Maybe the first commercial tampons anywhere?
(Early-to-mid 1930s, U.S.A.)
Introduction and boxes (below)
About 1997, I think, I held a contest on this site, offering $500 to
the person coming up with the best date for the fax tampon, and another
$500 to the person sending photocopies of the most advertising for fax
(s)he had found in publications of the 1930s (or whenever).
Boy, was I excited! The ten-month or so
contest period drew down to the final weeks. Contestants were guarding their
findings very carefully, not wanting anyone else to see what they had found
and thereby giving away any advantage they had for that 500 bucks! I knew
that because so far I had not received any entries.
Well, the date for submission of entries came and went. No one sent
a thing. No one even tried, apparently, because I got no e-mail saying,
"I looked and looked! Are you kidding?
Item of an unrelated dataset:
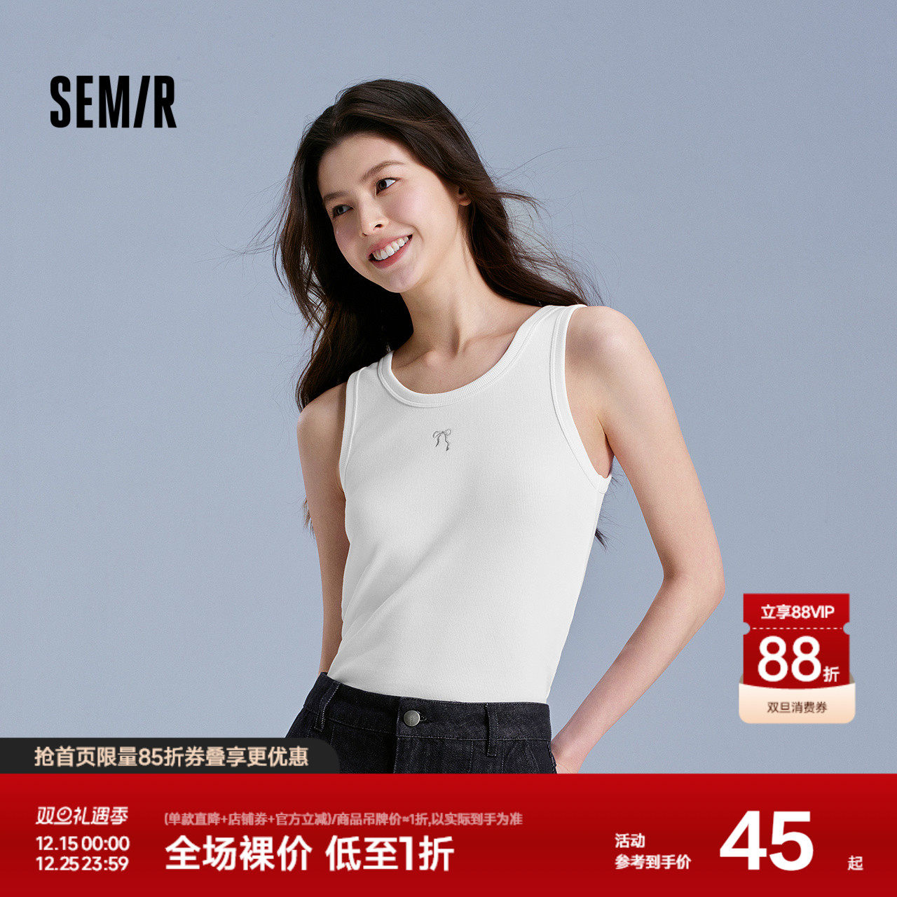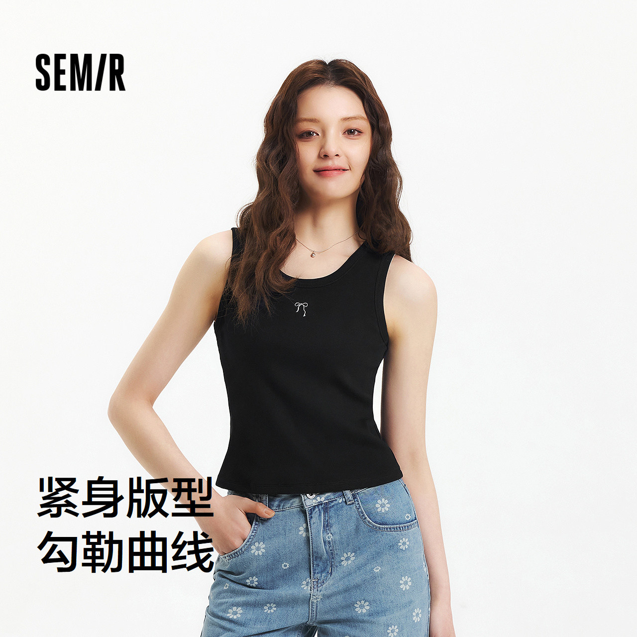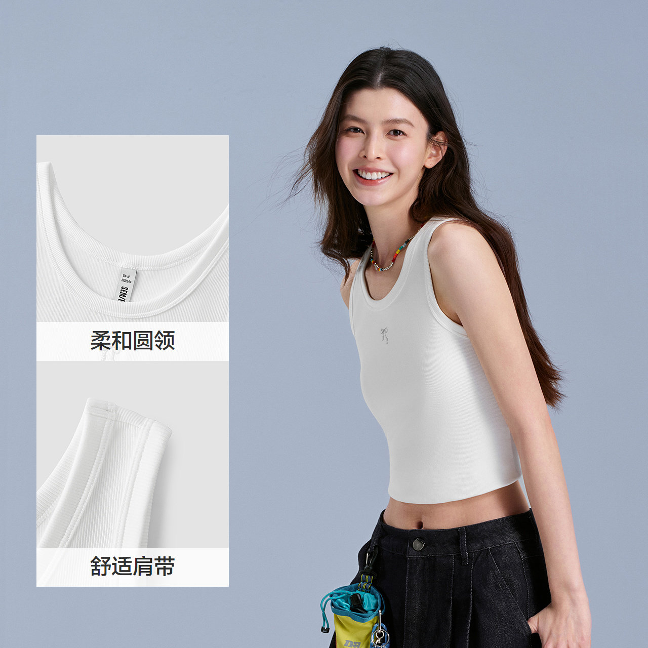 森马背心女短款蝴蝶结温柔夏季2025新款时尚紧身绣花圆领上衣百搭

Was fax even on the market?"
I write this partly to explain the uncertainty of the date for fax
(and Nunap), partly to vent at the possibly easy money that had lain there
for someone, and finally to complain that maybe no
one was even looking at this site! I'm still mad.
I've now calmed down and feel better.
I had always assumed that Fibs, which appeared
in the late 1930s, was the first Kotex tampon - does anyone else even
think about these things? - but I believe our two tampons of the hour
may have been the first, or at least very early ones. At the time of the
contest, I believed that fax might have even been the first commercial
tampon.
And now - February 2006 - I read in "Shared Values: A History of
Kimberly-Clark" by Robert Spector (1997), which K-C (the maker of Kotex)
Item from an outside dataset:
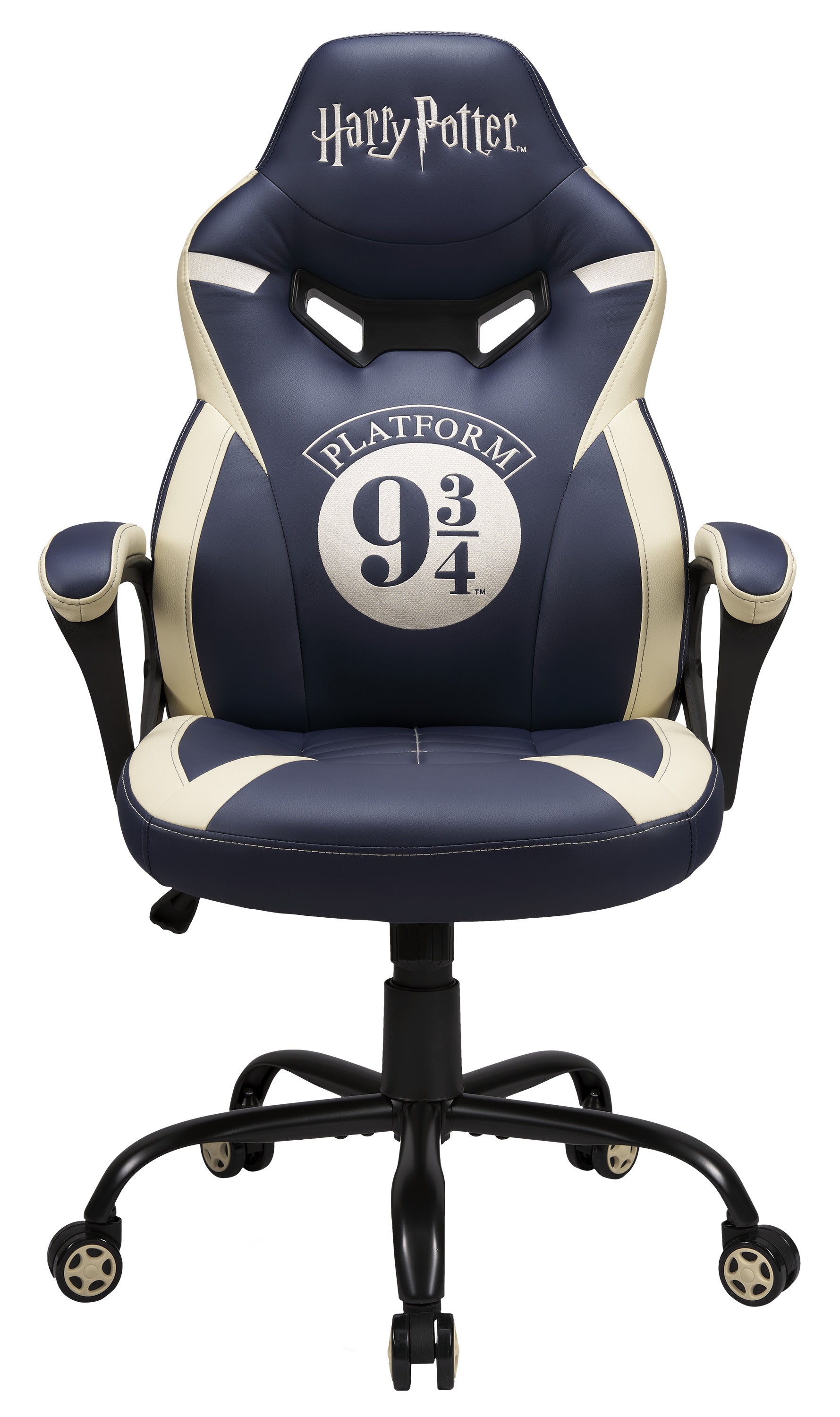 The Harry Potter Platform 9¾ gaming chair is expertly crafted to support extended gaming and work sessions with maximum ergonomic efficiency. Its contoured backrest aligns seamlessly with the natural curve of the spine, reducing fatigue and encouraging proper posture. Constructed from high-density foam and upholstered in durable, easy-care leatherette, this chair combines long-lasting comfort with refined aesthetics. Featuring detailed embroidery of the Platform 9¾ emblem and contrasting topstitching, it offers a subtle yet unmistakable connection to the wizarding world. Engineered for stability and adaptability, the chair includes a sturdy star-shaped metal base and a Class 3 gas-lift mechanism to ensure precise height adjustment.

sent me in thanks for doing research for them, that Fibs was indeed its
first tampon - at least the first one it mentions by name.
But in the early 1920s (according to the book) a young Kotex employee
stuffed a condom with Cellucotton (cellulose), the business part of Kotex,
punctured the sides of the condom and suggested selling it as a tampon.
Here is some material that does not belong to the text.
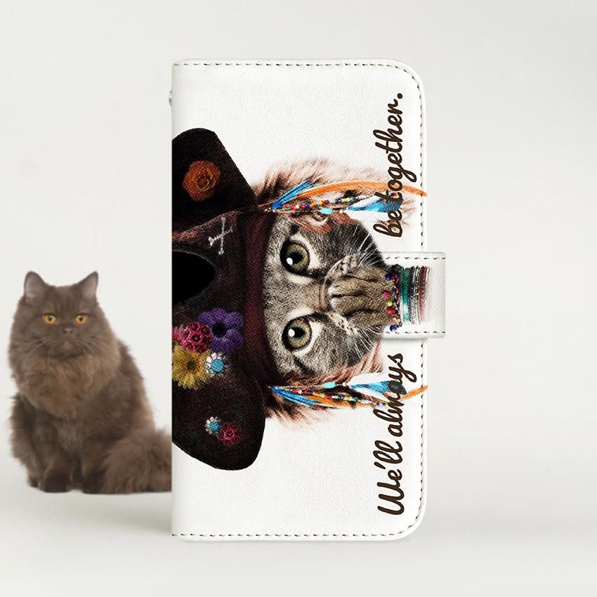with NYAGO 手帳型 / 厚手 Y!mobile パイレーツ ソラちゃん 肉球をペロペロするにゃー。 かわいい猫フェイス ホワイト 7067

He showed his father, the first medical consultant for Kotex. The physician
was "aghast" and told him to not show anybody because of potential
legal problems. (K-C confessed it made a huge mistake by not buying Tampax
when it was offered by Gertrude Tenderich about
10 years later.)
Kimberly-Clark, the company that allegedly created Kotex from left-over
bandages they made from Cellucotton (cellulose) for World War I American
soldiers (read their first ad), started
the Cellucotton Products Company (in Chicago) to make and sell Kotex rather
than associate the K-C name with menstruation. Later, they wrote on the
side of the Fibs box "sponsored by the makers
of Kotex," again distancing themselves from the tampon in a curious
way.
I don't know why they did it - to test the market without involving
the names of K-C or Kotex? - but my feeling is that K-C created two companies,
Neway Manufacturing Company, and Sanitary Products Company, both in Chicago
with the same address - both had "south" preceding the street
name, as did the address for Cellucotton Products Company - to make Nunap
("new napkin") and fax. (A listener to the Howard
Stern radio show I was on a few years back suggested that the name referred
to the word "facts" on some advertising for it, not reproduced
here.) I think I show convincingly that both tampons used Cellucotton for
the tampon plug (the part that's supposed to absorb the menstrual blood.)
For example, look at the crepe-like material in both tampons, here;
the book refers to the "creped wadding material that went into Kotex
pads" (p. 67). The instructions on Nunap say it does use Cellucotton
(here) and the instructions for fax
say the product is made of cellulose (here),
which is what Cellucotton is. It could be that the two companies represent
two attempts at different times to market a Kotex tampon.
You'll see in the instructions how the companies
explained to women what tampons were, and to reassure them. These tampons
were essentially little Kotex pads they inserted into their vaginas - at
least that was the pitch.
And like Kotex pads they had very coarse gauze, and even no string,
features indicating to me their position at the very beginning of the development
of commercial tampons. (Modess pads early on also used coarse
gauze.)
The Procter & Gamble company generously donated the
Nunap box to the museum as part of a fabulous larger gift;
and a woman living near Chicago, who wanted to remain anonymous, gave the
museum the fax box as well as many other early tampon items.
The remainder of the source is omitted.